Graphical representations of amino acid and secondary structure variability. The relation between highly variable and low variable sites (V/C) among the groups is shown (A) The number of secondary structure models per groups is also presented (B). Correlation between the average of aa variability (AVE) and the ratio V/C (C). Average of aa variability estimated by Shannon entropy (D) and the correlation between the ratio V/C and 2D models, without and with group 6 (E-F).

To demonstrate the structural outcome of these “frozen” and “melted” clusters, we predicted the secondary structure for each Kunitz peptide in all groups. We show that 22 models depict the variability of secondary structure among the 145 Kunitz peptides (excluding SK peptides) (Additional file 3). Five models in Additional file 3 (Representative models G1: Ir2:98; G1: Ir2:4878; G1: Ir2:19262; G6: Ir2:1982 and G7: Ir2: 4792) are combined β-strand and α-helical secondary structure models, differing in length, amount and order of α-helices and β-strand, and describe 81.6% of the secondary structure variation present in the I. ricinus Kunitz/BPTI family. All the groups contain different amounts of secondary structure models (Figure 3B and Additional file 3). It seems, however, that the secondary structure presented in Ir2-4878 and Ir2-98 of G1 is the structural skeleton for the remaining secondary structures; these structures are also present in 10 of the 11 groups and explain 50% of the secondary structures. The fact that G1 represents the structural skeleton may be since its Cys motif (as displayed in Figure 1A) is considered the ancestor of Kunitz peptides in I. scapularis[20]. Structural convergence, however, has been reported for venoms, a general classification that the Kunitz protein family belongs to [Revised in 41].

When analyzing the aa variability (V/C or AVE) in relation to the secondary structure models per group (excluding G6) a high correlation is given (R2 = 0.78; Figure 3E); however, by including G6 in this analysis the correlation decreases (R2 = 0.18; Figure 3F). This dictates that the aa variability per group is partly justifiable for structural reasons (functionality), except in G6. Figure 3C shows that ratio V/C or AVE of aa variability are correlated, therefore, using V/C or AVE of aa variability is interchangeable for Figure 3E and F. The presence of different folds (i.e., secondary structures) suggests that gene sharing events may have occurred throughout the evolution of I. ricinus and may cause additional and unique functional properties. Such moonlighting proteins may explain the diverse inhibitory effect of tick salivary Kunitz peptides.

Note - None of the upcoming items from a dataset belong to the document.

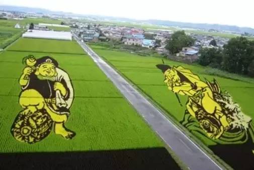 日本的稻田藝術(shù)是通過插播、套種等方式將稻田在大地上呈現(xiàn)出預(yù)先設(shè)計(jì)好的圖案,在作物成長不同階段,顏色不斷變化,形成四時(shí)之景不同的景象。其創(chuàng)作題材豐富,囊括風(fēng)景、人物、動漫等。
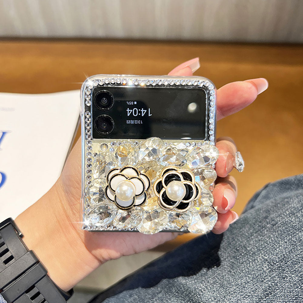 Camellia Sparkling Rhinestone Phone Case For Samsung Galaxy Flip4 Flip3
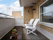 - Terassiparveke, jossa laatoitettu lattia. Osittain katettu. Avarat näkymät puistomaiselle asuinkorttelin pihalle.
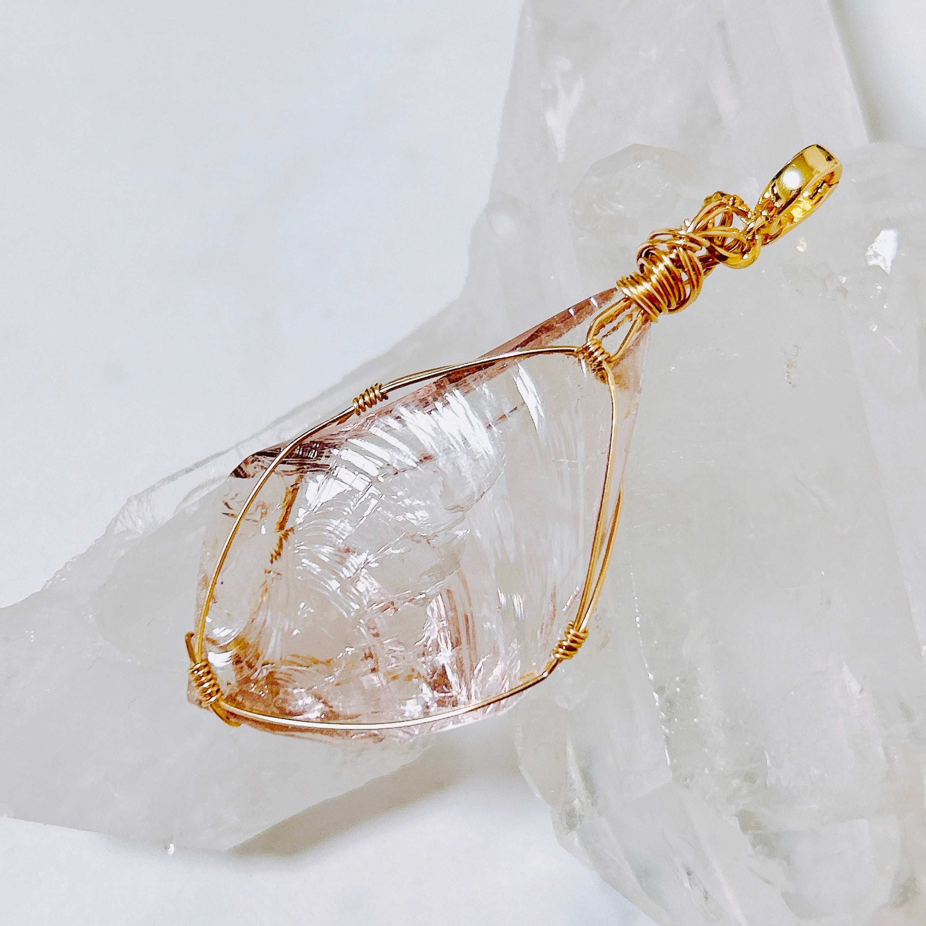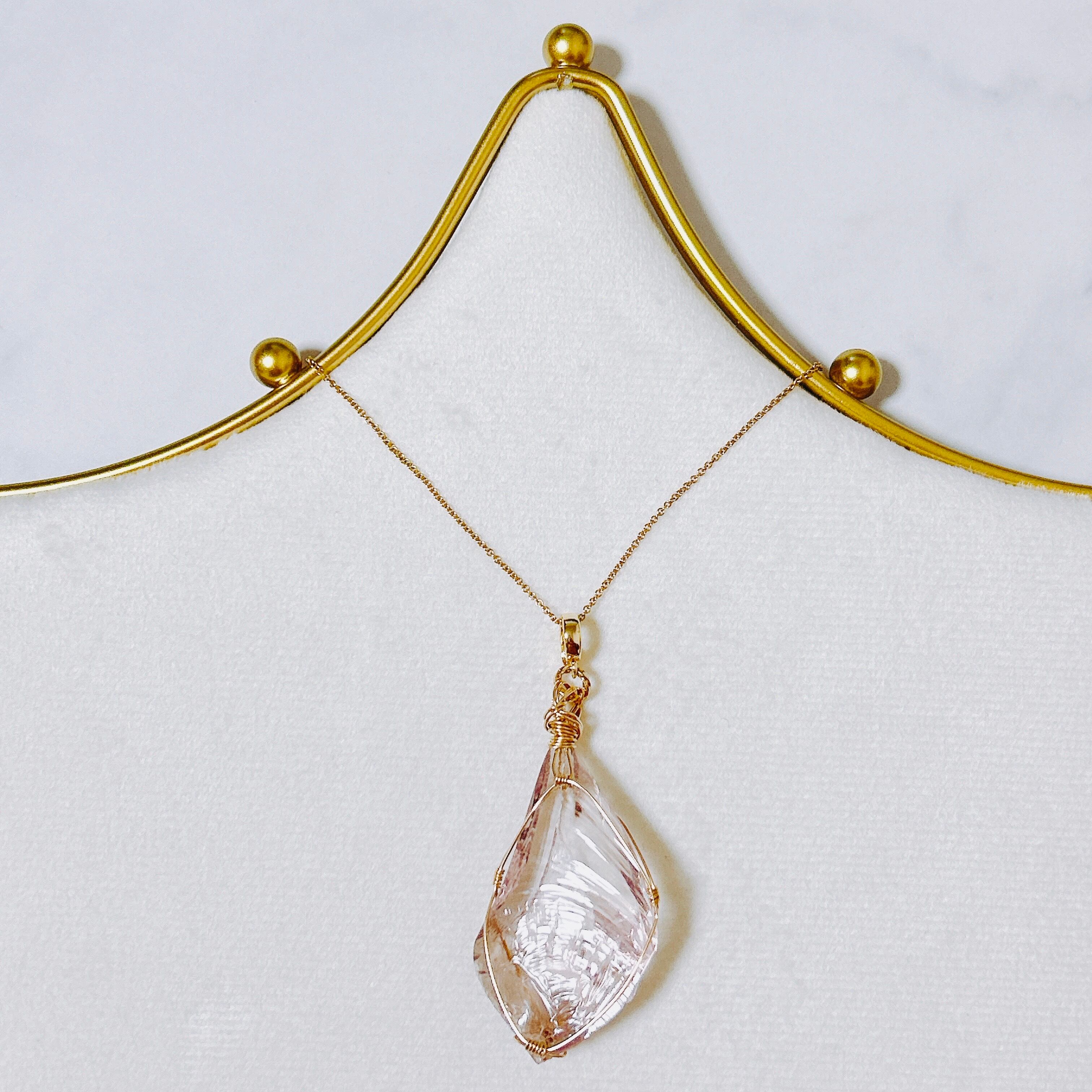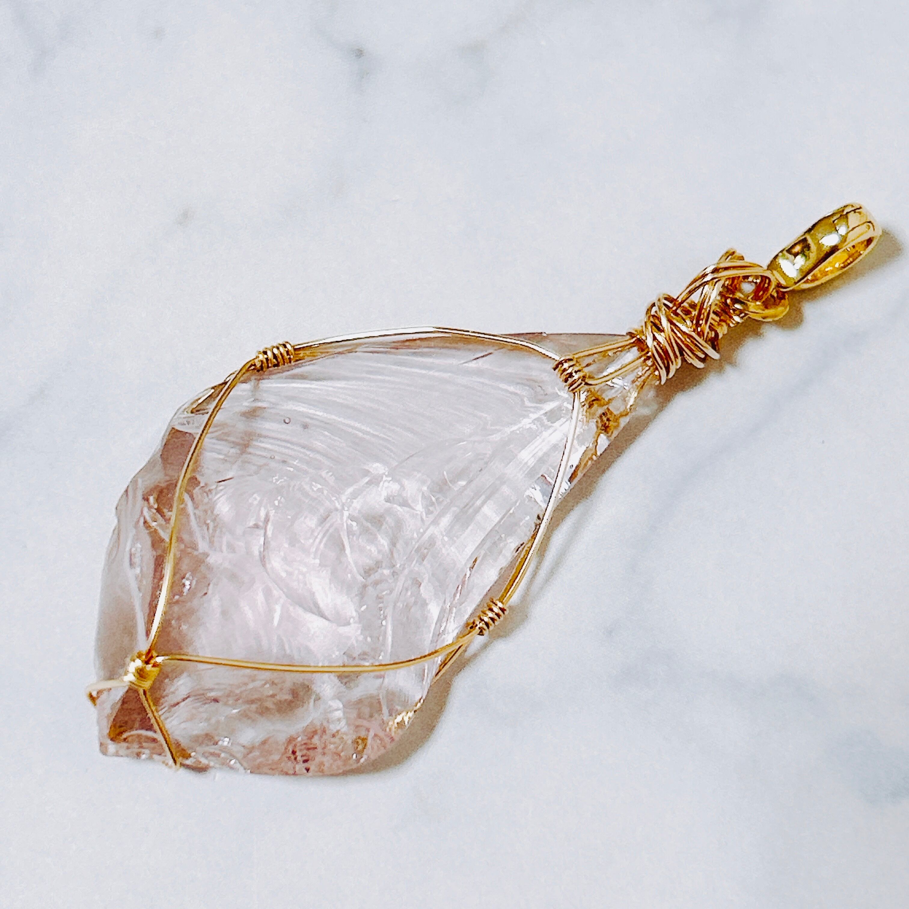 この愛と光に満ちあふれたアンダラクリスタル/ハートゴットウィズインピンクを14KGFで巻き上げ、ブレスレットに装着できるようクリッカーをつけペンダントトップとしてもお愉しみいただけるよう2WAY仕様にいたしました。
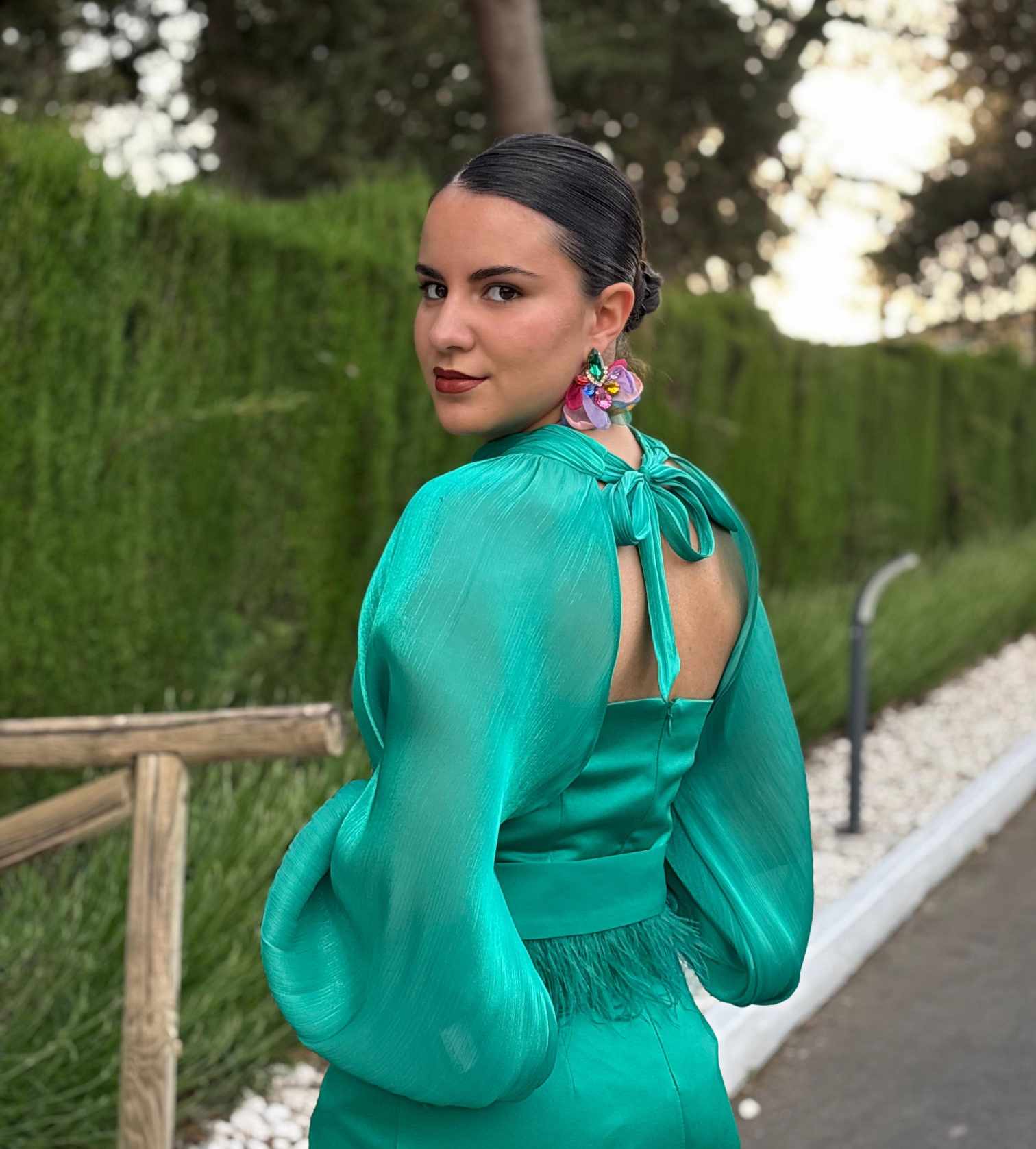 Manguitos cerrados en la parte de atrás del cuello con una lazada. Confeccionado en tejido de gasa cristal (100% poliéster).
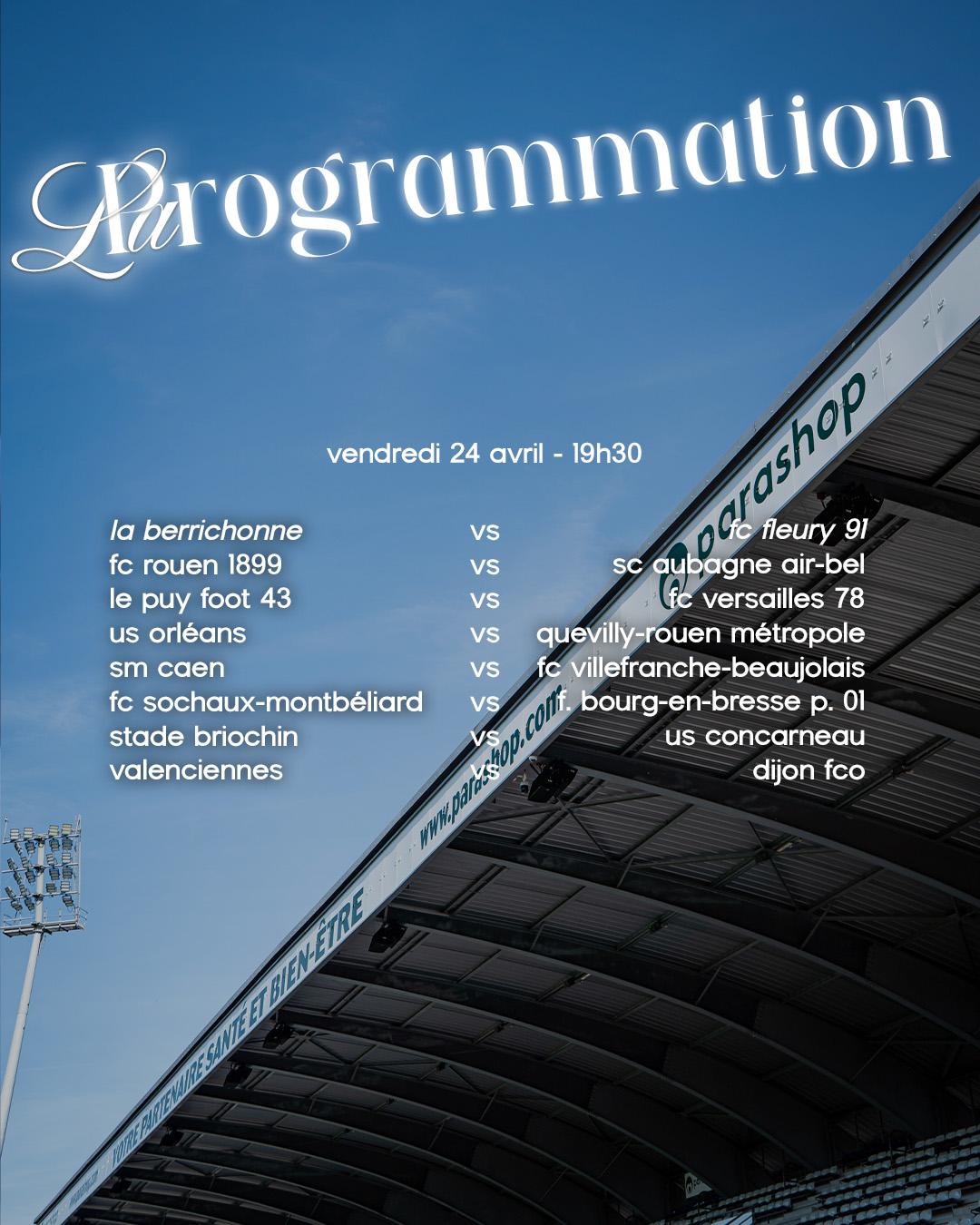 Vendredi 24 avril 2026, 19h30, Stade Gaston Petit.

To elucidate additional molecular properties, we analyzed both the antigenic properties and protein disorder for all I. ricinus Kunitz peptide groups in our study. Our analysis reveals that the regional disorder was located at both termini for the majority of peptides (data not shown). It is worth noting that antigenic properties involve the mobility of the C– and N-termini [52]. In Figure 4A we show that G6 has the highest antigenicity mean (VaxiJen score). G6 has a “misplaced” Cys2 (archetypal) and lack of this Cys2 is responsible for the functional flexibility of the Kunitz-domain binding loop, that may permit target-specific interactions other than the catalytic domain of serine proteases [53]. We also notice that groups with only two sequences vary in antigenicity (Figure 4A) that also coincides with differences in secondary structure (Additional file 3). Functional flexibility (or mobility) is also demonstrated in G6, since it has a higher variability in intrinsic protein disorder (Figure 4B). Intrinsically disordered regions (or proteins) increase molecular recognition because of an ability to fold differently upon binding and possess large interacting surfaces [54]. Interestingly, G6 has one sequence that is completely disordered (Ir2-10518) that is also highly antigenic (>0.7).

Figure 4
figure 4

Antigenicity and intrinsic protein disorder. Variations in antigenicity (A) for each group as predicted by the VaxiJen server [55] that uses an alignment-independent algorithm based on the physicochemical properties of proteins [55]. Ratio of disordered compared to the total sequence (B) for each group as predicted by the MetaDisorder server that builds a consensus from 13 protein disorder predictors [56]. Panel C shows the correlation for G4 between antigenicity (x-axis) and intrinsic protein disorder (y-axis).

The I. ricinusSG Kunitz transcripts are under different selective pressures

The Red Queen hypothesis was proposed by Van Valen in 1973 [57] to explain the molecular evolution through evolutive interactions of prey–predator or host-parasite. The hypothesis establishes “that a proportional amount of successful response by one species produces a total negative effect on other species[…] To maintain itself as before, the [other] species must increase its fitness [in a proportional amount]”. The I. ricinus SG Kunitz encoding transcripts may adhere to the Red Queen hypothesis, where inverse selection (positive or negative) is a series of one species adapting (the tick) and the other counteradapting (the host). To elucidate or validate the type of selective pressure (positive or purifying) each I. ricinus Kunitz peptide group has undergone throughout its evolution we used the Synonymous Non-synonymous Analysis Program (SNAP) (http://www.hiv.lanl.gov) and Datamonkey servers [58] (see Methods for further details).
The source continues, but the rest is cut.